I think you'd be better off hiring an artist to make a good picture than trying to spend $45 on a product that make a semi-decent picture. An good artist can always make a better image than technology.
posted by JJ86 at 8:24 AM on July 9, 2007

The problem that you have is that the data simply isn;t there - there are only a limited number of pixels (and a corresponding number of bits) that make up his smile if you want a sharper image (more pixels) then you need more information (more bits). If you don't have that information then you can guess, but that's all it will be: a guess.
posted by alby at 8:43 AM on July 9, 2007

People used to laugh at these scenes in science-fiction movies, thinking the feat was impossible. It isn't so clear anymore. Making sharp high-resolution images from lower quality sources is a very active research field of computer graphics, called super-resolution. The techniques involving training sets, such as example-based super-resolution are particularly spectacular.
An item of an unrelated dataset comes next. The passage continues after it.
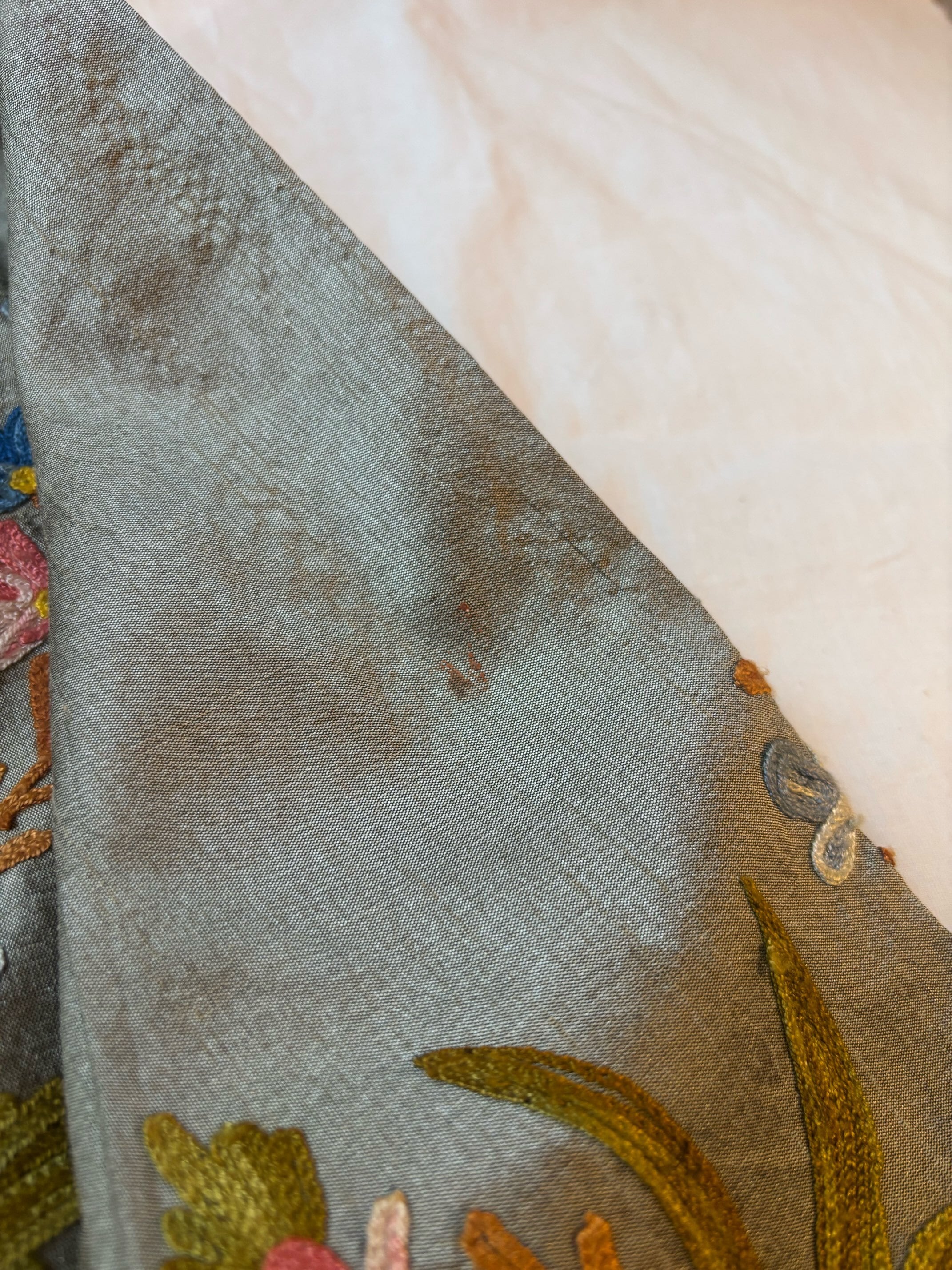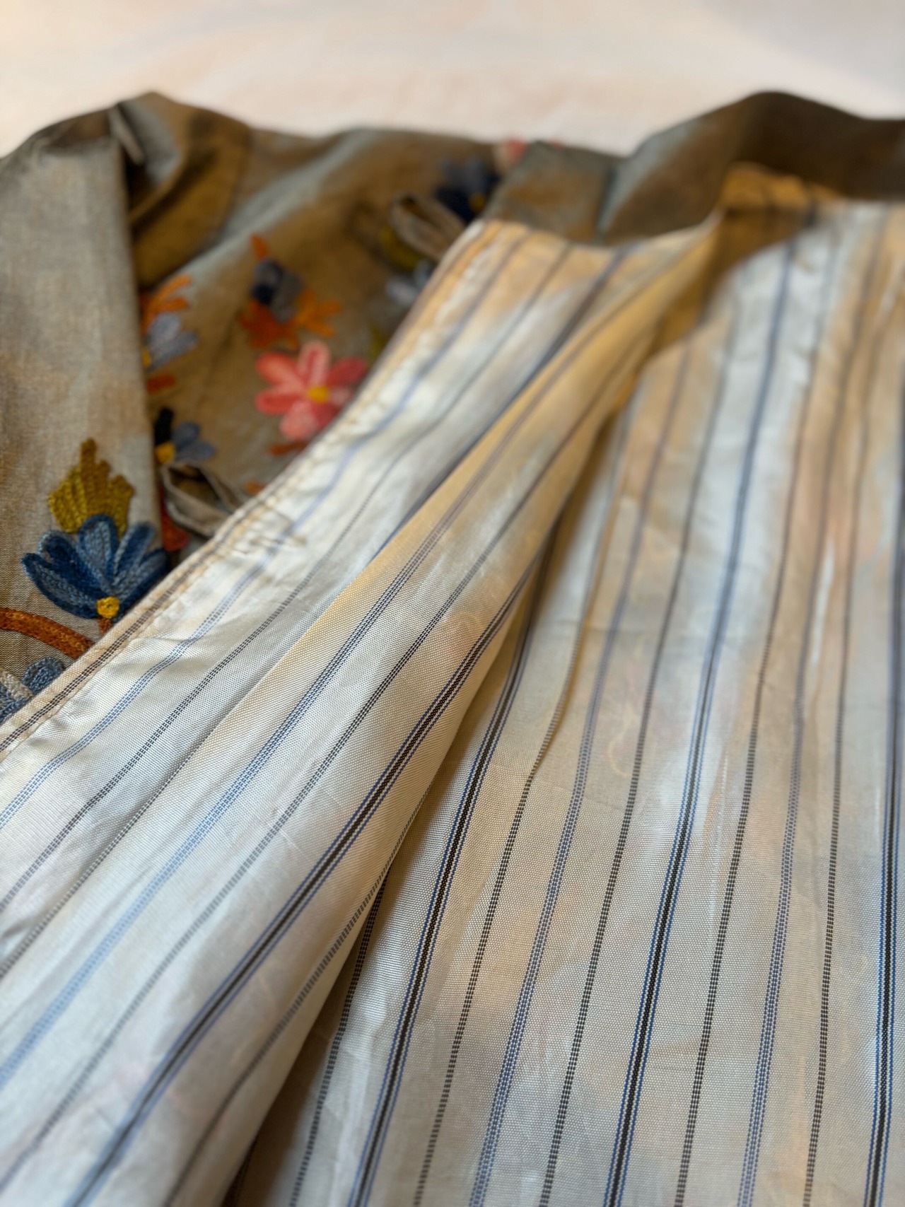 何度か入荷した事のあるカシミール刺繍のジャケットですが、当然のことながら年々見かける機会も少なくなってきました。atsuraeではシルクボディのものは初めての入荷になります。裏地のストライプの生地などから多分50年代頃のものだと思うので、年代を考えると綺麗な状態だと思います。

But for your purpose, you would get the best results by hiring a graphic artist to manually repair your pictures in Photoshop.
posted by gmarceau at 8:45 AM on July 9, 2007

I tried fiddling with the 3rd image. Right off, I noticed it exhibits more than one kind of blur. There's a 6 -7 pixel motion blur of about 45° (right from the vertical). If that were the only blurriness, it wouldn't be hard to remedy. Indeed, applying the Smart Sharpen filter with those parameters brings out quite a bit more detail; however, the remaining blur is of the ghosting variety, which is much harder to remove. Basically, you've got a fainter duplicate of the image superimposed upon itself but offset by the same amount as the motion blur.
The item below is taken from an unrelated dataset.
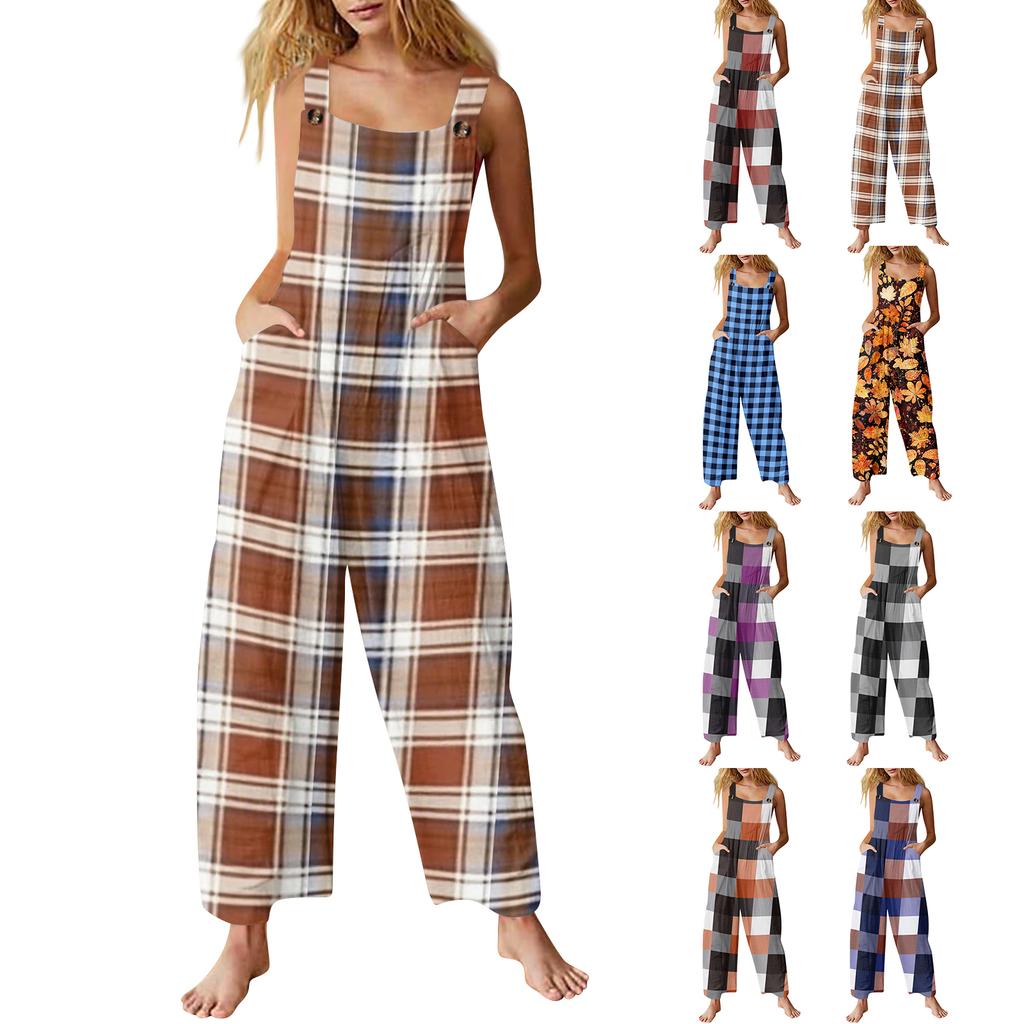 Women's Casual Retro Printed Jumpsuit Sleeveless Cotton Jumpsuit

As mentioned above, your brain is a much better "defuzzifier" than the various computer algorithms currently (cheaply) available.
posted by pmbuko at 8:56 AM on July 9, 2007

I'd like to modify my previous comment. Someone with real photoshop skills could probably improve the photos quite a bit. The background could be further blurred (see lens-blur) and some facial details sharpened a bit. The colors and lighting could be brightened up a bit. Reducing the photos to cameo sized portraits might reduce the appearance of blur.
posted by DarkForest at 8:58 AM on July 9, 2007

Do you have other pictures? It's totally possible to create a clear composite from different pictures and cleanly lay it into the original. If done right, you wouldn't be able to tell that it's a composite.
posted by Cat Pie Hurts at 9:45 AM on July 9, 2007

Response by poster: Unfortunately, I don't have any other recent pictures besides those. My family isn't very picture-oriented. I am fortunate enough to have these simply because of the new kitten who also appears in the fuzzy pictures :)

It looks like my best bet will be to either imagine the sharp picture, or find an artist to recreate one of the photographs. Curses upon Hollywood for giving me a small inkling of hope!
posted by at 10:01 AM on July 9, 2007

I work in compositing and VFX for "the entertainment industry", and there is a plugin package for Apple's Shake software called Furnace, one of which includes a filter called "DeBlur", which can yield some absolutely amazing results.

It's not a magic bullet, though. It's success is highly dependent on the nature of the blurring.
posted by melorama at 10:25 AM on July 9, 2007

My take on the 3rd image. As pmbuko said, the image has ghosting which is almost impossible to remove by software as it can't distinguish between theghosting and the real image.
I guess that someone with a lot of patience could restore the image by redrawing it after applying filters but it would have to be really meticulous work.
posted by Memo at 1:52 PM on July 9, 2007

I think image 1 in the group is pretty salvageable. If these are the only ones you have, then it would be worth taking one to a photoshop pro who can manually sharpen up some of the edges (or may have access to better sharpening tools than the rest of us). Something like this, but with a lot more skill. Combining lens blur with some local sharpening can help.

Also make sure to keep archived copies of all your original images. In 5 years the image processing tools are likely to be much better.